The contrast seemed so stark, you’d think you were in two different cities.
On Wednesday night, central Charlotte looked like a war zone, with some protesters destroying windows and tear gas filling the air.
By Thursday night, not a single storefront was smashed. No one set anything on fire — even though demonstrators were angry that police wouldn’t publicize the shooting video of Keith Lamont Scott.
Instead, protesters approached officers and shook their hands. One even pinned a flower on an officer’s uniform.
How did this happen?
Cops are reaching out more
As he walked briskly along the protest route, police Capt. Mike Campagna was constantly approached by demonstrators Thursday night — to shake his hand.
“Thank you, sir,” people told him before rejoining the rally.
That’s because in many cases, Campagna already knew them.
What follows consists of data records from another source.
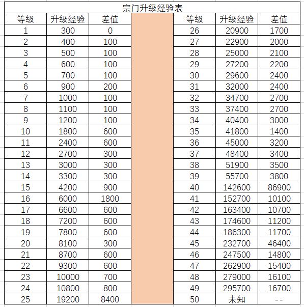 统计了一下宗门升级经验以及生产资源的消耗与产出,供参考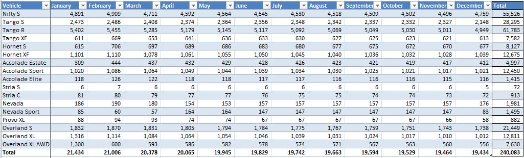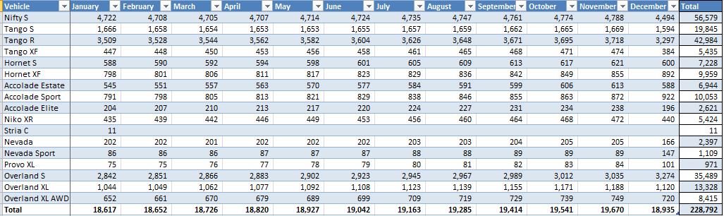Our new Nevada Sport pickup/SUV hybrid had a very good first year, selling 38,776 units.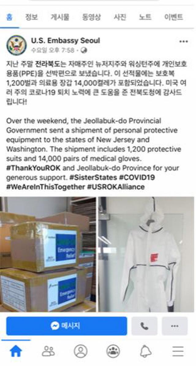¾Õ¼± Áö³ 4¿ù, ÀüºÏµµ´Â ¹Ì±¹ ³» Äڷγª19 °¨¿°º´ ±ÞÁõÀ¸·Î ¼¼°è ÃÖ´Ù È®ÁøÀÚ ¹× »ç¸ÁÀÚ°¡ ¹ß»ýÇÔ¿¡ µû¶ó ÀڸŰῬÁö¿ª 2°÷¿¡ À§·Î ¼Çѹ®°ú ¹æ¿ªº¸È£º¹ 1,200¹ú ¹× ÀÇ·á¿ë Àå°© 14,000ÄÓ·¹¸¦ ½Å¼ÓÈ÷ Àü´ÞÇß´Ù.

Anything from a simple, “What’s up, brother?” to more emotional conversations, Campagna had contact with many of the protesters.
One woman came to shake his hand with tears welling up in her eyes.
“That was very special,” Campagna said after she left. “Her brother was killed by a police officer.”
The two had met at a previous protest, he said.
Activist Ken Nwadike of the Free Hugs Project said officers like Campagna can go a long way in building trust and curbing violence.
“He doesn’t seem threatening as a cop. You can tell he’s out there for the people,” Nwadike said. “When I asked him, ‘Why are you responding to people,’ he said, ‘I want them to be heard, and I want them to know that I’m listening.’ And that’s what protesters want — to be heard.”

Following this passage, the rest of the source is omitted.